# Records supplied
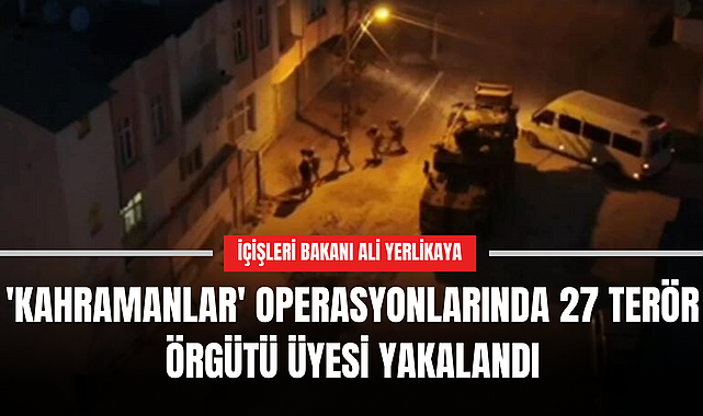 Bakan Yerlikaya, sosyal medya hesabından 'Kahramanlar' operasyonları kapsamında terörle mücadeleye yönelik 8 ilde çalışma yapıldığını duyurdu. Buna göre; Jandarma Genel Komutanlığı Terörle Mücadele Daire Başkanlığı koordinesinde, İl Jandarma Komutanlıklarınca Şanlıurfa, Mardin, Van, İzmir, Isparta, Malatya, Manisa ve Adıyaman'da düzenlenen operasyonlarda, 'terör örgütüne üye olmak', 'terör örgütüne yardım etmek', 'terör örgütüne finans sağlamak' ve 'terör örgütü propagandası yapmak' suçlarından 27 şüpheli, yakalandı. Operasyonları gerçekleştiren jandarma personelini tebrik eden Yerlikaya, "Allah ayağınıza taş değdirmesin. Son terörist etkisiz hale getirilinceye kadar mücadelemiz devam edecek" dedi.
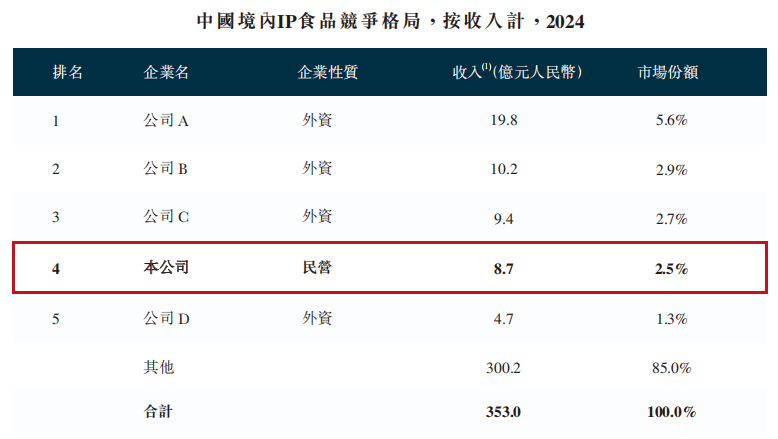 金添动漫在招股书中表示,截至2024年,按收入计算,自己分别是中国最大的IP趣玩食品企业和中国第四大IP食品企业,市场份额分别为7.6%和2.5%。
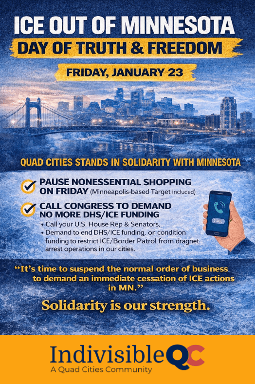 Indivisible Quad Cities and affiliated organizations are encouraging all Quad Citians to support and show solidarity for our besieged neighbors to the north this Friday, January 23, by taking two simple actions:
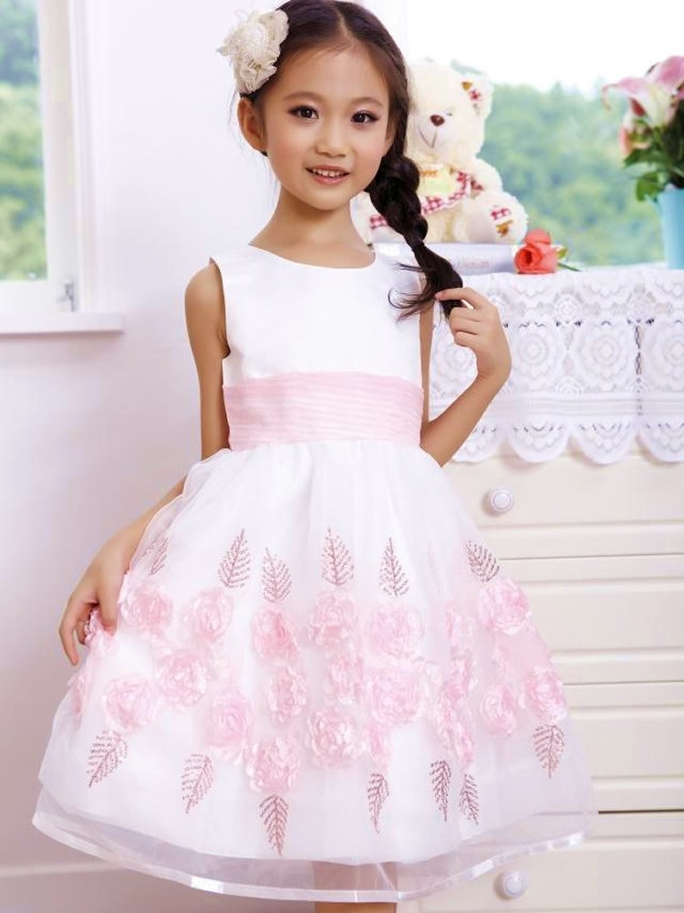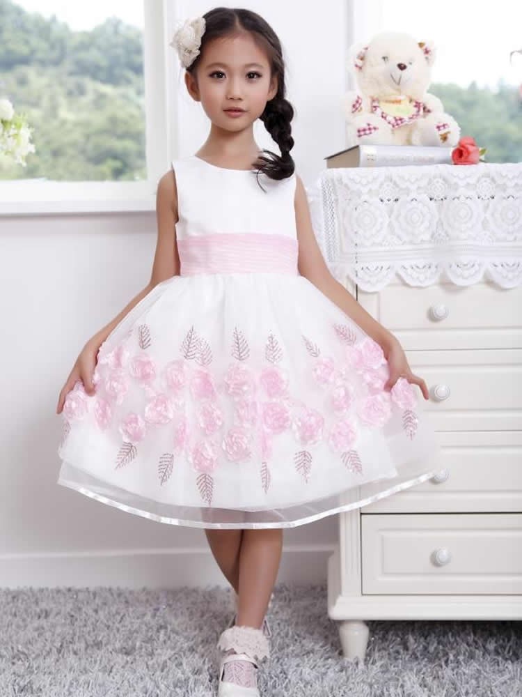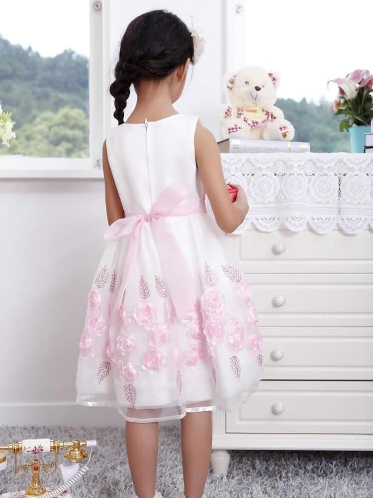 Gorgeous flower and sequin fern design with plaited mesh waist band and sash, which ties at the back for a perfect fit.
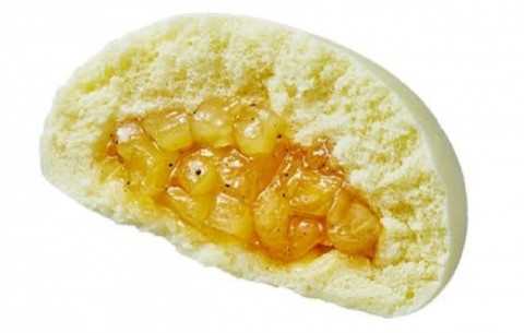 角切りりんご果肉とリンゴフィリングを、しっとりとした生地で包んでいる。香り・味の強い発酵バターを配合することで風味とコクをアップ。
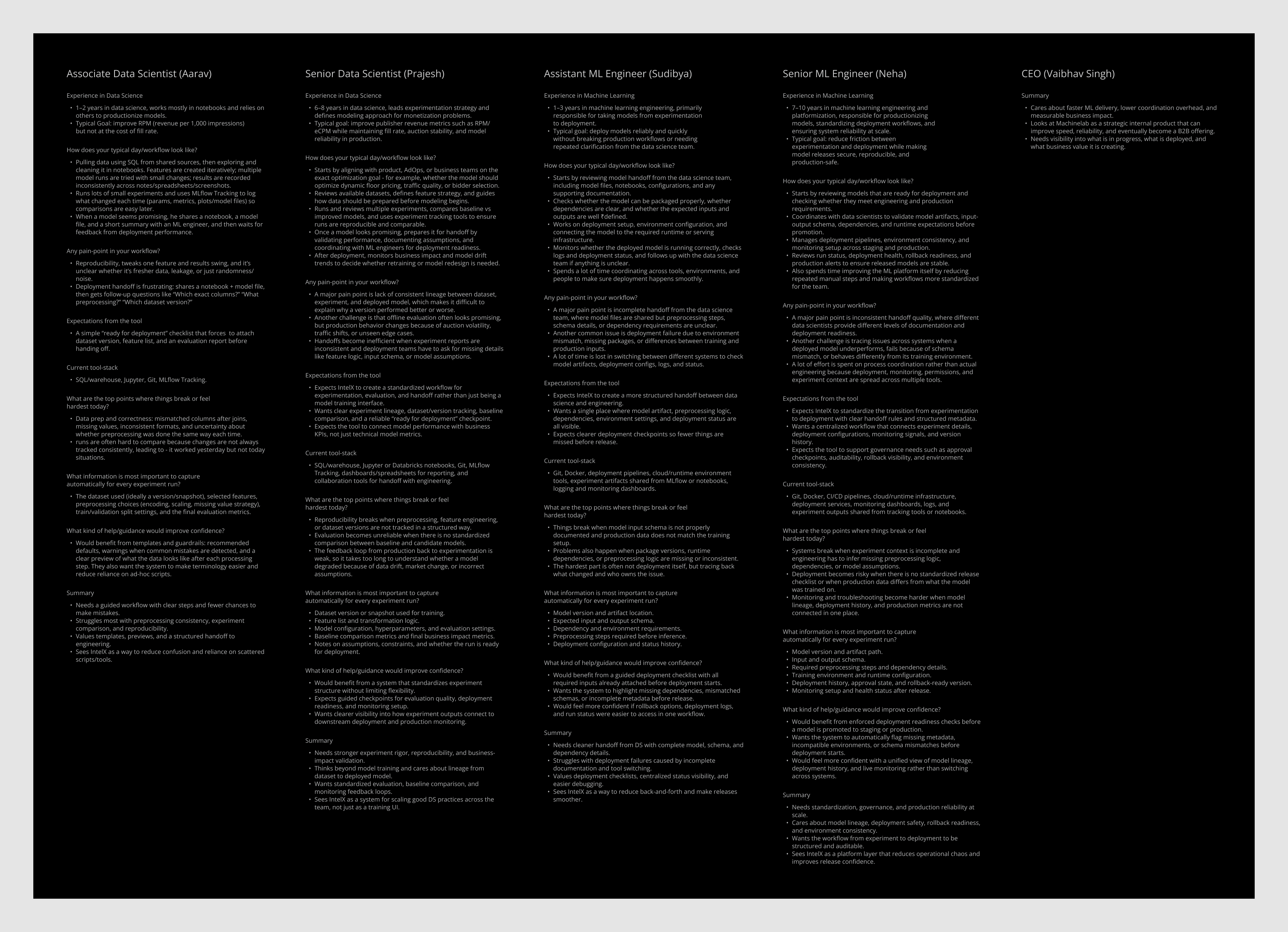 Conducted lightweight AI-assisted secondary research to quickly understand the machine learning space, its lifecycle, and the key tools and roles involved.
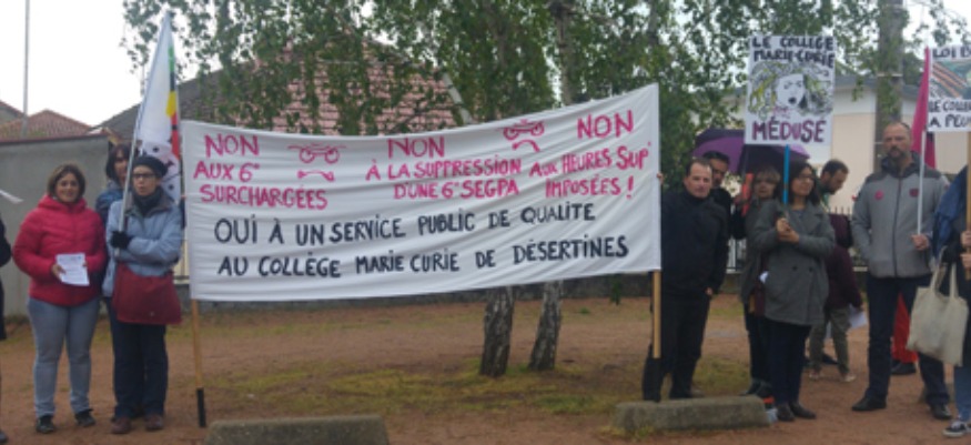 Des enseignants étaient présents dans le cortège pour la défense de la fonction publique hier… et, entre autres, des professeurs du collège Marie-Curie de Désertines. Ils s’étaient mobilisés hier matin en préambule de cette manifestation devant l’établissement.
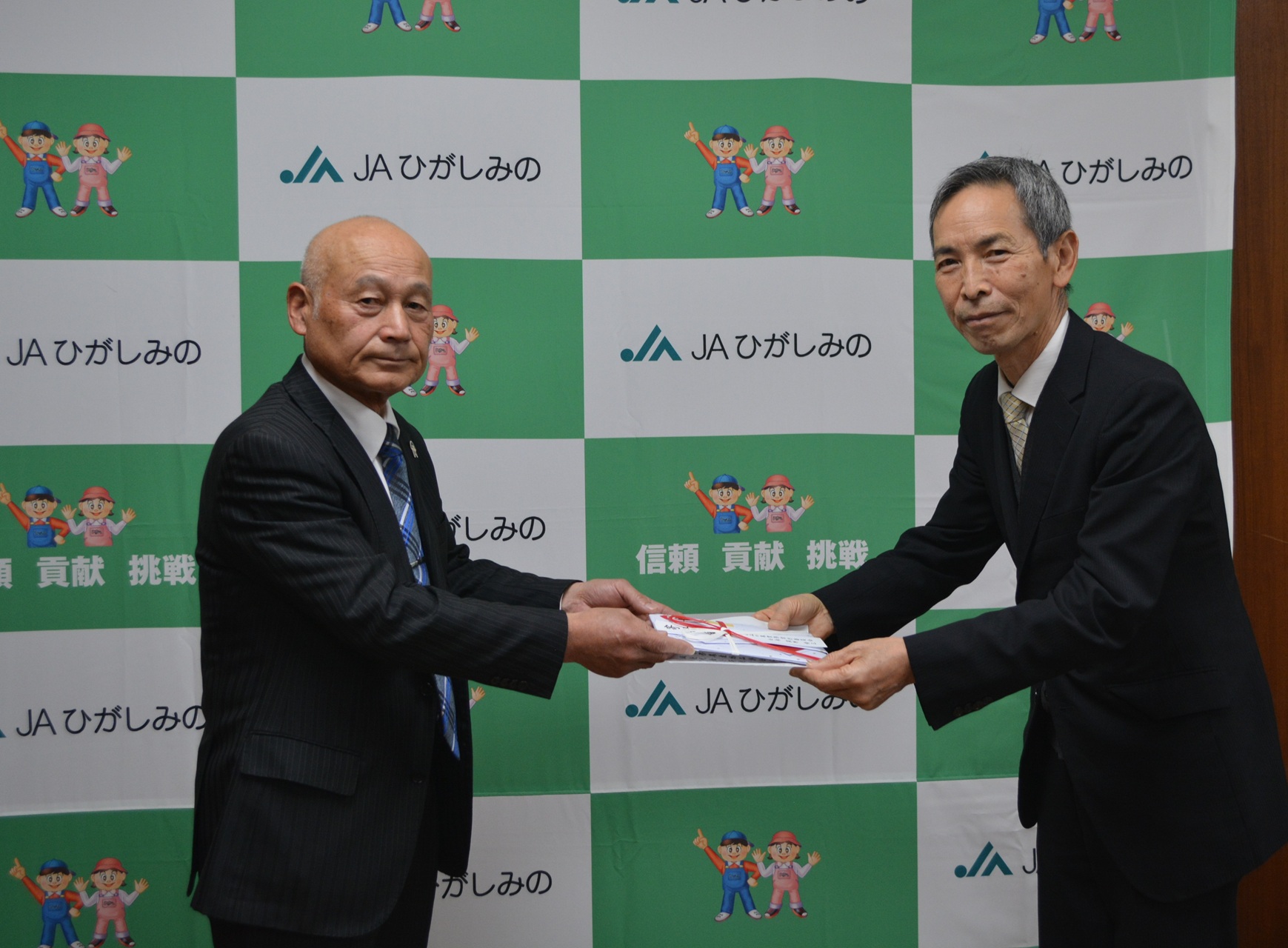 12月26日(金)、ひがしみの農業祭実行委員会会長 荻野修三 様(写真左)より、11月16日に開催された「第21回ひがしみの農業祭」の農産物品評会の売上げ70,815円を本会へご寄付いただきました。

# Goal of the exercise
Give back exactly the lines from the line with "Conducted lightweight AI-assisted" through the end of the material above, and omit every picture.

# Answer for this exercise
 Conducted lightweight AI-assisted secondary research to quickly understand the machine learning space, its lifecycle, and the key tools and roles involved.
 Des enseignants étaient présents dans le cortège pour la défense de la fonction publique hier… et, entre autres, des professeurs du collège Marie-Curie de Désertines. Ils s’étaient mobilisés hier matin en préambule de cette manifestation devant l’établissement.
 12月26日(金)、ひがしみの農業祭実行委員会会長 荻野修三 様(写真左)より、11月16日に開催された「第21回ひがしみの農業祭」の農産物品評会の売上げ70,815円を本会へご寄付いただきました。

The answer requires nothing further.